Rezension

Ich will mich nicht erinnern

Die verborgenen Stimmen der Bücher - Bridget Collins

Die verborgenen Stimmen der Bücher
von Bridget Collins

Bewertet mit 5 Sternen

Peinlich, schmachvoll, demütigend, schmerzhaft waren alle diese Ereignisse. Gut, wenn ich das aus meinem Gedächtnis löschen könnte. Kann man: Buchbinder lesen diese Geschehnisse und binden sie in Bücher, die weggeschlossen werden.
Emmet, ein kräftiger Farmerssohn, schwere körperliche Arbeit gewöhnt, wird krank und erwacht geschwächt und kraftlos. Seine Aufgaben auf dem Bauernhof kann er nicht mehr bewältigen.
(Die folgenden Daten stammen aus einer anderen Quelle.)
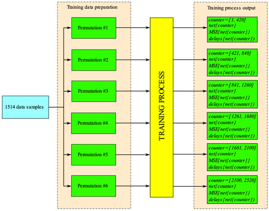 The experiments were conducted to determine the optimal number of input delays (n and m), i.e., the number of inputs resulting in the creation of 2520 ANN NARX models in total. The number of experiments, i.e., the models produced, were influenced by the idea of increasing the generalization abilities and robustness of the model.

Welch Glück, dass eine Buchbinderin ihn in die Lehre nimmt und in die handwerkliche Kunst des Buchfertigens einweist. Aber etwas Dunkles umgibt sie, verstörte  Besucher kommen und sind, wenn sie sie verlassen, völlig verändert. Ihr Geheimnis allerdings nimmt sie mit ins Grab. Ein neues Kapitel für Emmet beginnt.
Bridget Collins beschreibt faszinierend, welchen Stellenwert Erinnerungen haben können. Ist man erleichtert, wenn Schlimmes aus dem Gedächtnis schwindet? Aber wo sind dann die ganzen Besonderheiten, die einen ausmachen? Man kann manipuliert werden. Das eigene Ich verändert sich, im Unterbewusstsein weiß man, dass etwas fehlt. Man fühlt sich leer. 
Für geldgierige Binder entsteht ein lukrativer Markt, weil die Ärmsten ihre Erinnerungen verkaufen, damit reiche Voyeure sich in ihrem Elend ergötzen können, oder sie sogar erpressen, weil eben doch keine Verschwiegenheit garantiert ist. Auch die, die selber für die Löschung ihrer Gedanken zahlen, werden angreifbar. Welch schrecklicher Gedanke!
Es gibt auch gefälschte Erinnerungen, sehr ironisch nennt die Autorin sie „Romane“. Aber die liest man nicht so gerne in der beschriebenen Welt. Elend, moralische Verkommenheit und schmutzige Geheimnisse ziehen sogenannte Sammler ganz besonders an. 
Ein neuartiges Thema, was in „Die verborgenen Stimmen der Bücher“ aufgegriffen wird. Nie langweilig zu lesen, liebevolle Beschreibungen von Bucheinbänden und Materialien verzaubern. Und natürlich wird der Liebe ausreichend Raum eingeräumt, jeweils aus anderer Perspektive. 
Das Sujet ist originell, regt zum Nachdenken an, versetzt den Leser in eine interessante Fantasiewelt, die der realen Welt mit Manipulation, Korruption und Ausbeutung gar nicht so fern scheint.
Klare Leseempfehlung, ich mochte es.
Roman von Bridget Collins, übersetzt aus dem Englischen von Ulrike Seeberger, Aufbau-Verlag.